Epoch J2000 Equinox J2000
|Right ascension||01h 37m 42.84548s|
|Declination||–57° 14′ 12.3101″|
|Apparent magnitude (V)||0.46 (0.40 - 0.46)|
|Spectral type||B6 Vep|
|U−B color index||−0.66|
|B−V color index||−0.16|
|Radial velocity (Rv)||+16 km/s|
|Proper motion (μ)||RA: 87.00 ± 0.58 mas/yr
Dec.: −38.24 ± 0.50 mas/yr
|Parallax (π)||23.39 ± 0.57 mas|
|Distance||139 ± 3 ly
(43 ± 1 pc)
|Absolute magnitude (MV)||–1.46|
|Radius||7.3 × 11.4 R☉|
|Surface gravity (log g)||3.5 cgs|
|Rotational velocity (v sin i)||250 km/s|
Achernar // is the name of the brightest component (by visual brightness) of the binary system designated Alpha Eridani (α Eridani, abbreviated Alpha Eri, α Eri), which is the brightest 'star' or point of light in, and lying at the southern tip of, the constellation of Eridanus, and the tenth-brightest in the night sky. The two components are designated Alpha Eridani A and Alpha Eridani B (known informally as Achernar B). As determined by the Hipparcos astrometry satellite, it is approximately 139 light-years (43 pc) from the Sun.
Of the ten apparent brightest stars in the night-time sky,[nb 1] Alpha Eridani is the hottest and bluest in color, due to Achernar being of spectral type B. Achernar has an unusually rapid rotational velocity, causing it to become oblate in shape. The secondary is smaller, of spectral type A, and orbits Achernar at a distance of roughly 12 astronomical units (AU).
α Eridani (Latinised to Alpha Eridani) is the system's Bayer designation. The designations of the two components - Alpha Eridani A and B - derive from the convention used by the Washington Multiplicity Catalog (WMC) for multiple star systems, and adopted by the International Astronomical Union (IAU).
The system bears the traditional name of Achernar, derived from the Arabic آخر النهر ākhir an-nahr, meaning "The End of the River". However, it seems that this name originally referred to Theta Eridani instead, which latterly was known by the similar traditional name Acamar, with the same etymology. In 2016, the IAU organized a Working Group on Star Names (WGSN) to catalog and standardize proper names for stars. The WGSN states that in the case of multiple stars the name should be understood to be attributed to the brightest component by visual brightness. The WGSN approved the name Achernar for Alpha Eridani A on 30 June 2016 and it is now so entered in the IAU Catalog of Star Names.
Achernar is in the deep southern sky and never rises above the horizon beyond 33°N, roughly the latitude of Dallas, Texas. It is best seen from the southern hemisphere in November; it is circumpolar above (i.e. south of) 33°S, roughly the latitude of Santiago. On this latitude, e.g. the south coast of South Africa (Cape Town to Port Elizabeth) when in lower culmination it is barely visible to the naked eye as it is only 1 degree above the horizon, but still circumpolar. Further south, it is well visible at all times during night.

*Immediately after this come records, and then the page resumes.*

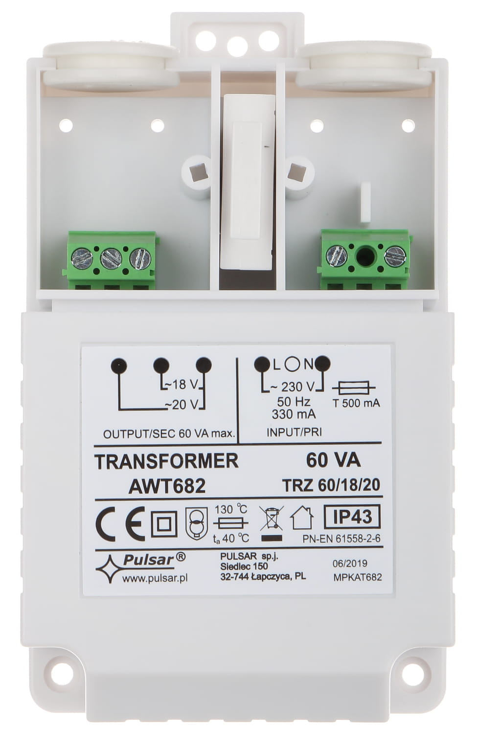 Pulsar AWT682 to transformator sieciowy przeznaczony do zasilania urządzeń wymagających napięcia przemiennego AC 18 V lub 20 V. Stosowany jest w systemach alarmowych, kontroli dostępu oraz innych instalacjach niskonapięciowych, gdzie wymagane jest stabilne źródło zasilania o podwyższonej mocy.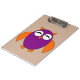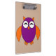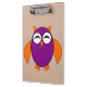 Esta prancheta espetacular apresenta uma coruja fofa com os olhos fechados como se estivesse dormindo e garras bonitinhas. Seu corpo é roxo e suas asas, ouvidos e garras e bico são laranja. Esta coruja fofa é tão adorável que os adultos a amarão tanto quanto as crianças.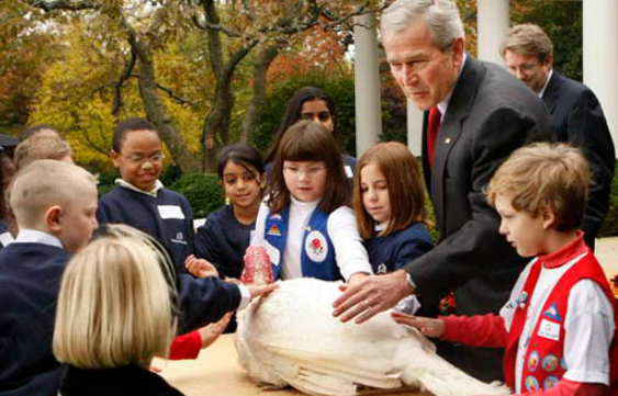 到了1963年,约翰·肯尼迪总统带着火鸡出席活动,并声称“让我们放它走吧”。当年,《华盛顿邮报》的一篇文章里首次使用了“特赦”及“死缓”来形容火鸡。而让世人较为确定的是,第一个将白宫赦免火鸡正式确定为仪式的总统是老布什,从1989年“特赦火鸡”成为了年度活动。

Achernar is a bright, blue star with about seven times the mass of the Sun. It is a main sequence star with a stellar classification of B6 Vep, but is about 3,150 times more luminous than the Sun. Infrared observations of the star using an adaptive optics system on the Very Large Telescope show that it has a companion star in a close orbit. This appears to be an A-type star in the stellar classification range A0V–A3V, which suggests a stellar mass of about double that of the Sun. The separation of the two stars is roughly 12.3 AU and their orbital period is at least 14–15 years.
As of 2003, Achernar is the least spherical star in the Milky Way studied to date. It spins so rapidly that it has assumed the shape of an oblate spheroid with an equatorial diameter 56% greater than its polar diameter. The polar axis is inclined about 65° to the line of sight from the Earth. Since it is actually a binary star, its highly distorted shape may cause non-negligible departures of the companion's orbital trajectory with respect to a Keplerian ellipse. A similar situation occurs for the star Regulus.
Because of the distorted shape of this star, there is a significant temperature variation by latitude. At the pole, the temperature may be above 20,000 K, while the equator is at or below 10,000 K. The average temperature of the star is about 15,000 K. The high polar temperatures are generating a fast polar wind that is ejecting matter from the star, creating a polar envelope of hot gas and plasma. The entire star is surrounded by an extended envelope that can be detected by its excess infrared emission, or by its polarization. The presence of a circumstellar disk of ionized gas is a common feature of Be stars such as this. The disk is not stable and periodically decretes back into the star. The maximum polarization for Achernar's disk was observed in September 2014, and it is now decreasing.
Due to precession, Achernar lay much further south in ancient times than at present, being 7.5 degrees of the south pole around 3400 BCE (decl 82º40')  and still lying at declination -76 by around 1500 BCE. Hence the Ancient Egyptians could not have known it. Even in 100 CE its declination was around -67, meaning Ptolemy could not possibly have seen it from Alexandria - whereas Theta Eridani was visible as far north as Crete. So Ptolemy's "end of the river" was certainly Theta Eridani. Alpha Eridani was not visible from Alexandria until about 1600 CE.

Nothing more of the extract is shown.